More Duncanisms
Do I like reading and writing about our Secretary of Education's words and performance? Depressingly, for this once-hopeful Obamaniac, no. I don't. Here's another example of why:
In a recent interview, Secretary Duncan discussed how he went about assembling his team, targeting people like Ms. Melendez who came from modest backgrounds, had a passion for the work, and showed an entrepreneurial spirit—and were willing to take what was likely a big pay cut to work in a federal job. No education policy or district superstars with big egos were welcome, he said.
“If they’re scared off because they won’t make more money ... or if they wanted a certain job title, ... that’s not the kind of person we want,” Mr. Duncan said. “We want people for whom this is a real passion. This is mission-driven work. Everyone is taking pay cuts.”
Ms. Melendez, by the way, is Duncan's appointee for K-12 chief. Her experience?
She got her superintendent’s job, in California’s 30,000-student Pomona Unified School District, through a nontraditional route: She spent a year and a half at a private education foundation before winning a spot in the 2006 Broad Superintendents Academy, which trains emerging district leaders.
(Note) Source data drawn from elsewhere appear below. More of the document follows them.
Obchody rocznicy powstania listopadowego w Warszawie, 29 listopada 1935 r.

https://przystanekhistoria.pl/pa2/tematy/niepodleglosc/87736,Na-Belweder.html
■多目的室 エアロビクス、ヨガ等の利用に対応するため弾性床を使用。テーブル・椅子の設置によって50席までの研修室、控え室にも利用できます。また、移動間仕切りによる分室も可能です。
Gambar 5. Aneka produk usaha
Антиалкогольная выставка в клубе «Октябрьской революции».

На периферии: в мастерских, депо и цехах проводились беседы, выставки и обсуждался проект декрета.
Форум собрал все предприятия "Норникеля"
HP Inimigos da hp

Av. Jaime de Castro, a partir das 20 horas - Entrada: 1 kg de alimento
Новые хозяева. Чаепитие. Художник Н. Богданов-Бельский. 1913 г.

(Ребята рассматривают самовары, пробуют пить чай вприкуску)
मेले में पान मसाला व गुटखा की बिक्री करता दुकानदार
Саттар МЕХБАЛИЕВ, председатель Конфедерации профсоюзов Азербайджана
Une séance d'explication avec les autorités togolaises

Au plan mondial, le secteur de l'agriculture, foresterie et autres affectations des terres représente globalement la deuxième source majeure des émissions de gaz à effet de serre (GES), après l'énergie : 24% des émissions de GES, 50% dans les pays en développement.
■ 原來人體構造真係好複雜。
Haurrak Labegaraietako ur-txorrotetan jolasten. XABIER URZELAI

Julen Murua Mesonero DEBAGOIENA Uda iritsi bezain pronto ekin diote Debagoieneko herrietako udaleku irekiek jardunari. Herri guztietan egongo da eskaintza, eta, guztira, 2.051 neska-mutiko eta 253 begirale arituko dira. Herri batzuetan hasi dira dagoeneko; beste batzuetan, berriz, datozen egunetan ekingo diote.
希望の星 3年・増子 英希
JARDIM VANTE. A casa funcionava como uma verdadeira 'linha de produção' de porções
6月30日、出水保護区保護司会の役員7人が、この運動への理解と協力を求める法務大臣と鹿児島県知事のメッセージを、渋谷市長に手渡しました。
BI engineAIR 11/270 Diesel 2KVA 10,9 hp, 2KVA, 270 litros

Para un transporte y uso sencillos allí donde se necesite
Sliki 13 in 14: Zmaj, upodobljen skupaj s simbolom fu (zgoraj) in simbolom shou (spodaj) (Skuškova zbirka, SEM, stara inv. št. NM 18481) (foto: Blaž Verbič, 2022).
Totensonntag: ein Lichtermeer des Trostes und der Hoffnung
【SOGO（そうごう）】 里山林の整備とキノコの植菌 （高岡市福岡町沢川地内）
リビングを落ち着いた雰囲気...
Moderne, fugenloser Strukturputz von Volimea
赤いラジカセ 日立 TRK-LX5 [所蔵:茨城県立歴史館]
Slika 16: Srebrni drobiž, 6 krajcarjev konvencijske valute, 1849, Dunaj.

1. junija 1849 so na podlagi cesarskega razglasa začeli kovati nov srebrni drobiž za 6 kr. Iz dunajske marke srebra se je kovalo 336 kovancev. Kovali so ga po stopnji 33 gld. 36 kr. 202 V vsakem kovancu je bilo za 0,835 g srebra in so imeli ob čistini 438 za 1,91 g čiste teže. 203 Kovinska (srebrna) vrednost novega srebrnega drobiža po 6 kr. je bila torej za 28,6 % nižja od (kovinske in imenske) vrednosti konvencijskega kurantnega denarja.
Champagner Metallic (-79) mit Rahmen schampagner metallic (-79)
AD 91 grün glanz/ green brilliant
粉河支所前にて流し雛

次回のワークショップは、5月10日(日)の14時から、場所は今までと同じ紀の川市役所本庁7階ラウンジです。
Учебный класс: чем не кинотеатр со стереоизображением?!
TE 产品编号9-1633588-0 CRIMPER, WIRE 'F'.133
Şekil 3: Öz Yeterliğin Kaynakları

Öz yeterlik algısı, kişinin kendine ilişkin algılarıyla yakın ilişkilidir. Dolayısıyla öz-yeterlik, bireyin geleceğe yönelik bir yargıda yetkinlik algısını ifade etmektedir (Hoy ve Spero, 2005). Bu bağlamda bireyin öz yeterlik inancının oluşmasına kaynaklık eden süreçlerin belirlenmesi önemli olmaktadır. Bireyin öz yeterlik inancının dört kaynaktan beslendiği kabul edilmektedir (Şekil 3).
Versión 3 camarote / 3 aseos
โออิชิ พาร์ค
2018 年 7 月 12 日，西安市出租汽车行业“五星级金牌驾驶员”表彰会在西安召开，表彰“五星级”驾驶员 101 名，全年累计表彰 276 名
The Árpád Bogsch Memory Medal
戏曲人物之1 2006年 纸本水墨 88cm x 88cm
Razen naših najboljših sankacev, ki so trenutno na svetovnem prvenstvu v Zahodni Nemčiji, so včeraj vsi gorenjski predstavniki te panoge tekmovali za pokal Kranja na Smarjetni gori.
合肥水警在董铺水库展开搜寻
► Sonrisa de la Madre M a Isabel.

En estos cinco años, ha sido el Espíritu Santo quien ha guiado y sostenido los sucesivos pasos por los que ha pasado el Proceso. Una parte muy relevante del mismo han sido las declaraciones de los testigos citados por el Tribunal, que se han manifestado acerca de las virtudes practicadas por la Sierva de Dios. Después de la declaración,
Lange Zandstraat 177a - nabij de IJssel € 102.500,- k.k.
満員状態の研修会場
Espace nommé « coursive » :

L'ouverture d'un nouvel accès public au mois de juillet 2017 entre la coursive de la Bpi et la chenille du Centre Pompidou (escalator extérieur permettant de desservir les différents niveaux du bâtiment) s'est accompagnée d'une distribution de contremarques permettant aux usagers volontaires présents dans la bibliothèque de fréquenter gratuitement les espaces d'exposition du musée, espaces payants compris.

So she takes a "pay cut" in the "entrepreneurial spirit" - can we start a wiki of Duncanisms? - via her shortcut to the top on the tuxedo coattails of billionaire AIG crony and ed meddler Eli Broad. Call me crazy, but you'd think people who were "education policy superstars," who spent their lives in classrooms and later in research, would qualify as "passionate" more than the "missionaries" with an "entrepreneurial spirit." People like, you know, Linda Darling-Hammond, who's devoted her life to knowing through research how to improve education, rather than taking a left turn from entrepreneurialism out of some "money + passion = change you can believe in" zeal.
[Update: Tom Hoffman comments that Melendez has decades of classroom experience before her stint as a superintendent, and suggests she deserves a chance. We wish her well. The point I was trying to make here is that Duncan's rhetoric smacks of a sort of anti-intellectualism and pro-entrepreneurialism, and his staff picks reflect that as well. His DoE staffers are overwhelmingly connected more to Eli Broad and Bill Gates than to universities and classrooms.]
In light of all of this, it's no surprise that the new national standards in the works for math and reading are being written not by teachers, not by academics, but by
Achieve, a Washington-based group made up of state policymakers and business leaders; act Inc., the Iowa City, Iowa-based nonprofit organization that runs the college-entrance exam of the same name; and the College Board, the New York City-based sponsor of the sat admissions exam and the Advanced Placement program.
--ed businesses all. Achieve* is run by politicians and businesspeople; Iowa City and the College Board need no introduction, as we've all filled bubbles for them in our careers to show our learning. You can bet none of these entrepreneurs are thinking pay cuts in the long term. Think of the new tests possible with national standards.
Secretary Duncan, if you want "passion" and "mission-driven," why are you excluding the exemplars of those qualities - the people who've devoted their lives to the work, and never had much room in their salaries for pay cuts because it was never about the money for them? They offer value-added qualities that your entrepreneurs don't: life-long experience, knowledge, and dedication.
--
*A previous error has been corrected here, which mistook Achieve for a different Achieve. "Achieve" is a popular name for folks in the education business.